Я в тупике, может кто подкинет идейку?  :Question: 

p.s. Провел еще один интересный эксперимент, подключил к этому порту модем, и попытался перевести его в режим ожидания, модем отреагировал, но не так как надо вместо лампочек DTR и HS загорелись RD и ТD.

----------

## targeti

 *Anlorn wrote:*   

> Привет всем. Вообщем решил сделать себе на домашнем сервере сериальную консоль т.к. учусь в другом городе а сервер дома и локально работать получается редко. Вообщем спаял нуль-модемный кабель, подключил и ничего... 

 

А что, планируется нуль-модемный кабель тянуть в другой город?   :Smile: 

----------

## Anlorn

Через всю квартиру, это получается метров 15, с учетом изгибов.

----------

## user11

А не многовато? Может, скорость убавить?

----------

## Anlorn

Пытался, ставить и 9600 не помогло

----------

## user11

Коли больше идей нет, предложу "традиционный" железячный подход...
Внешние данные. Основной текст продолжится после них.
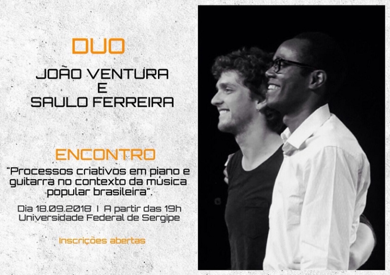 No próximo dia 18, às 19h, o Departamento de Música da Universidade Federal de Sergipe promove o encontro entre o pianista João Ventura e o guitarrista Saulo Ferreira. A ação de extensão tem por objetivo possibilitar a interação entre o público e os artistas, no intuito promover uma troca de informações e de experiências vividas dentro e fora do ambiente acadêmico.

1. а если попробовать к этому компу подключить com-мышь?

2. а если спаять петлю-заглушку?

3. не работает только приём, только передача или и то, и другое?
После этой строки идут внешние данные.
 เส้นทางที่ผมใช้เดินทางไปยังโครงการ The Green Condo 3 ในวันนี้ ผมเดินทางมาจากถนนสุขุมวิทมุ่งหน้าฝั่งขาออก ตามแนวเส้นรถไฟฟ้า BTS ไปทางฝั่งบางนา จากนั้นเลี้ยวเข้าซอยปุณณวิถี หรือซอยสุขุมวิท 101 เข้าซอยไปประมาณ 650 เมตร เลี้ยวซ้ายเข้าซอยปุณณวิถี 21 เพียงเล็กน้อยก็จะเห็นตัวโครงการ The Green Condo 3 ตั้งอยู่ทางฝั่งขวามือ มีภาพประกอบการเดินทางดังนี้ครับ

4. есть ли какие-то признаки работы механизма аппаратного handshake, типа ожидания готовности удалённого узла?

5. что показывает осциллограф (если нету - скачет ли среднее показание вольтметра при передаче данных на низкой скорости) при отправке данных (при выключенном аппаратном handshake)?

А может, в этом компе банально неправильная разводка в кабеле мать-задняя панель? Лампочки же не те загорелись!

PS. и, наконец, не проще ли использовать ethernet?  :Wink: 

----------

## _Sir_

Модем подключается не нуль-модемным кабелем и, весьма желательно, для скоростей больше 19 200 не трехпроводной схемой. Если другой город, то не обязательно модем, если у тебя сервер по езернету подключен. Мир вообще-то использует ssh, а не паяет проводочки. Если же тебе нужен резервный канал, то ставишь модем с нормальным кабелем, а дальше читаешь доку, как наладить dial-in для твоей конфигурации, в данном случае, для твоего порта  /dev/ttyS0. Потом по межгороду звонишь на свой домашний телефон, и если там не взяли трубку, то ее возьмет модем, и, о радость! ты получишь желаную консоль. А напряжения и силы тока твоего порта не хватит, чтобы по телефонной линии связать тебя с каким угодно другим местом  :Smile:  На такое применение никто и не расчитывал, или ты думаешь, что модемы люди для забавы лет 30 применяют?

Общее правило: не надо описывать то, что ты делаешь. Опиши то, что ты хочешь получить, и спроси как этого добиться. А то получается что:

- Я просунул голову между прутьями спинки кровати, а обратно не выходит. Что мне делать?

А можно было бы и не совать туда голову... Веб-камера или камера на сотовом решила бы твою проблему   :Laughing: 

----------